Even if the elbow task can’t be fully satisfied, the robot won’t fail the main job.

Joint Centering (Secondary Task)

🤔 Why?

Robots often have joint limits. If joints get too close to these limits, motion becomes:

  • Unstable
  • Hard to reverse
  • Risky for hardware

So we want joints to stay near the center of their range if possible.

🎯 Objective

Define a secondary task:

\[q_{\text{desired}} = \frac{q_{\text{min}} + q_{\text{max}}}{2}\]
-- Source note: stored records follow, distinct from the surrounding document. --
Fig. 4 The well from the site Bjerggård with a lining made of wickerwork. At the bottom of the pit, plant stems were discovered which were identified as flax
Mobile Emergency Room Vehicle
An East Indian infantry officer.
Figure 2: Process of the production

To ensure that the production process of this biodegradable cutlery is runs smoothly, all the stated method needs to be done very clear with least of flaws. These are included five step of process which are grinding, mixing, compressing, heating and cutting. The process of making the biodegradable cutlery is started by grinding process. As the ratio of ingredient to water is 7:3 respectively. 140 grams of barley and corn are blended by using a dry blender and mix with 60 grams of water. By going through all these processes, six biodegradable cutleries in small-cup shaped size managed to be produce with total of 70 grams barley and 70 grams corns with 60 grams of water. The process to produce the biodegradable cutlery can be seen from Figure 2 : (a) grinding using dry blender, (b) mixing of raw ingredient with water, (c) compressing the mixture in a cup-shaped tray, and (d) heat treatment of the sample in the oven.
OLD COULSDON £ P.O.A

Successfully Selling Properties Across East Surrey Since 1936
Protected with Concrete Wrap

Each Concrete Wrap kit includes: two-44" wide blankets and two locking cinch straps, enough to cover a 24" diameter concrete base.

Define an artificial velocity task:

\[v_2 = -k (q - q_{\text{desired}})\]

This “pulls” the joint back toward its center.
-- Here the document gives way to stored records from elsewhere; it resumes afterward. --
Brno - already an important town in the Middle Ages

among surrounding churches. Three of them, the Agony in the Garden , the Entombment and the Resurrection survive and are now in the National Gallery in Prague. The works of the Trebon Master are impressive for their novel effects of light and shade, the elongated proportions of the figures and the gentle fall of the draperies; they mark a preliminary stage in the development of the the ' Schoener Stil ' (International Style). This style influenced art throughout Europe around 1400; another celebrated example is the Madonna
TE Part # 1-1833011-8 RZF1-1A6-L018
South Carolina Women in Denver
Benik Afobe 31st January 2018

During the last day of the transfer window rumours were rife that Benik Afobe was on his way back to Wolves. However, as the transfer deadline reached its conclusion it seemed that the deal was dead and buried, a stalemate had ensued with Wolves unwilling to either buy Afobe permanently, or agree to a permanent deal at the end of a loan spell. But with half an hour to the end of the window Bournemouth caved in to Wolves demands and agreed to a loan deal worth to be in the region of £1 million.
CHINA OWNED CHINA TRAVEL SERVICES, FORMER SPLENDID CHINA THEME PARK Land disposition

🧠 Implementation (in null space of primary task):

Use the null-space projection:

\[v = v_1 + N_1 v_2\]

Where:

  • $( v_1 = J_1^+ V_1 )$: primary task velocity
  • $( v_2 = -k (q - q_{\text{desired}}) )$: secondary joint-centering velocity
  • $( N_1 = I - J_1^+ J_1 )$: null space projector

This way, joint centering only happens if it doesn’t interfere with the high-priority task.

✅ Summary

Concept Purpose Priority Level Implementation
Task Prioritization Respect task importance order Multiple Null-space projection
Joint Centering Avoid joint limits, improve manipulability Usually lower Secondary task in null-space

📌 Real-World Use

  • Humanoids: Balance is high-priority; posture and gestures are lower.
  • Manipulators: End-effector motion is primary; joint centering is secondary.
  • Mobile robots: Obstacle avoidance might override goal reaching when in conflict.
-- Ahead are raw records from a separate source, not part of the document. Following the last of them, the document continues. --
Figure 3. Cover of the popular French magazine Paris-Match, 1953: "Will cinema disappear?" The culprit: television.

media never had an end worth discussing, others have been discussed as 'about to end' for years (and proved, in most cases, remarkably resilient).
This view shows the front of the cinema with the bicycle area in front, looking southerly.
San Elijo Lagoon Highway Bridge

Alternative Formulation: Drake’s Default DIK

Pose Tracking

  • Convert desired pose $( X^{G_d} )$ into spatial velocity: \(V^{G_d} = \frac{1}{h}(X^G X^{G_d^{-1}})\)

Linear Program (LP) Formulation

  • Drake’s DIK implementation (e.g., addDiffIK): \(\max_{v_n, \alpha} \alpha\) \(\text{subject to } J^G(q)v_n = \alpha V^{G_d}, \quad 0 \le \alpha \le 1\)

  • Properties:
    • Robot moves in correct direction.
    • Slows down (via $( \alpha < 1 )$) if constraints are hit.
    • If infeasible: robot stops ($( \alpha = 0 )$).
  • Relaxed Formulation (Operator Intuition):
    • Scale individual Cartesian components (x, y, z, roll, pitch, yaw).

Drake’s Mathematical Program Solver

  • MathematicalProgram class:
    • Define decision variables.
    • Add constraints: AddConstraint().
    • Add objectives: AddCost().
  • Efficiency:
    • Solves QP or LP nearly instantly.
    • Suitable for real-time (100–500 Hz control loops).